5. Meanwhile, in his capacity as president, Vogel sent out a notice calling a stockholders’ meeting for the following purposes:
Fill director vacancies.
Amend the by-laws, increase the number of board from 13 to19, increase quorum from 7 to 10, and elect 6 additional directors.
Remove directors Meyer and Tomlinson and fill such vacancies.
6. Then, Vogel sent out a “proxy statement” soliciting stockholder support for the meeting
7. Campbell, a member of Tomlinson's faction, filed this action for preliminary injunction to prevent the stockholders’ meeting.
Issue:
1. W/N the stockholders’ meeting called for by Vogel is valid. (YES.)
2. W/N the proxy statement is valid. (NO.)
Held:
1. The injunction was denied as to the meeting itself, as the president of the board of directors was authorized by the by-laws to call
a stockholders' meeting and the by-laws permit the stockholders to replace the directors for good cause.
2. The injunction was granted as to proxy voting owing to the failure to afford plaintiff specifics about the allegations and an
opportunity to be heard.
Dispositive: The Delaware chancery court declined to enjoin the stockholders' meeting but did preclude the corporation from
counting proxy votes and from using corporate personnel and facilities to solicit proxy votes.
Ratio:
1. The stockholders’ have an “inherent right” to remove directors for cause, even though the certificate provides for cumulative
voting.
o Stockholders, through the by-laws have given the president the power to call such a special meeting.
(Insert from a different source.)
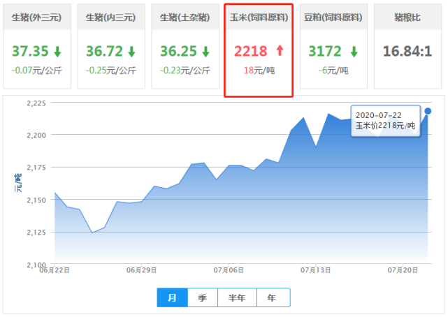 2020年07月22日(星期三),今日全国玉米均价为2218元/吨,报价较昨日(2020年07月20日2200元/吨)上涨了18元/吨,报价与上周(2020年07月15日2211元/吨)上涨了7元/吨,较上月(2020年06月22日2155元/吨)上涨了63元/吨!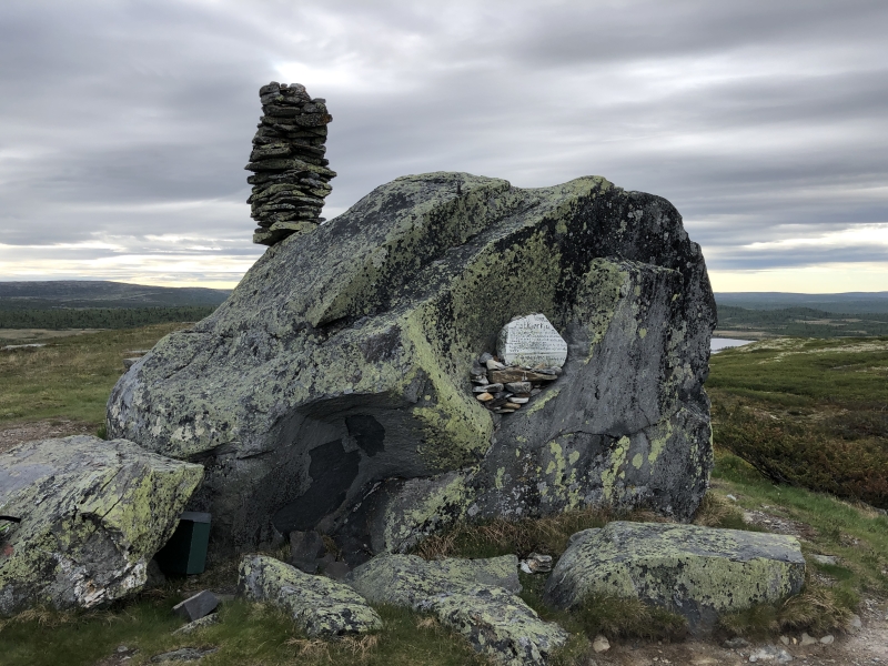 Det regnet store deler av natten. Teltet med mer var bløtt, men morgenpakkingen gikk likevel raskt og jeg kom meg av gårde tidligere enn vanlig. Terrenget var lett og dette ble dagen med høyest snitthastighet på 4,1 km/t. Det var umulig å gå feil så det tok ikke mange timene før jeg var på Hageseter. Fikk en følelse av å ha vært der før i barndommen. Stien til Hjerkinn var fryktelig grisete, den anbefaler jeg ingen.

Section 7, Article 1: Special meetings of the stockholders for any purpose or purposes, other than those regulated by
statute, may be called by the President.
o The wording of the by-law is all-embracing and broad, including the power to call a meeting to fill in the vacancies. The fact
that the stockholders may, on their initiative, have the right to call a meeting for that purpose does not seem to be a
sufficient reason for implying that the president is thereby deprived of such power.
o The stockholders have the power to remove a director for cause even where there is a provision for cumulative voting.
Adequate protection is afforded not only by legal safeguards. This power must be implied when we consider that otherwise
a director who is guilty of the worst sort of violation of his duty could nevertheless remain on the board. While there is no
provision in law that provides for the removal of directors by stockholder action, one must consider that to deny such
power from the stockholders can subject the corporation to the possibility of real damage.
2. The director has a due process right to defend himself even though the stockholders have the inherent right to remove him.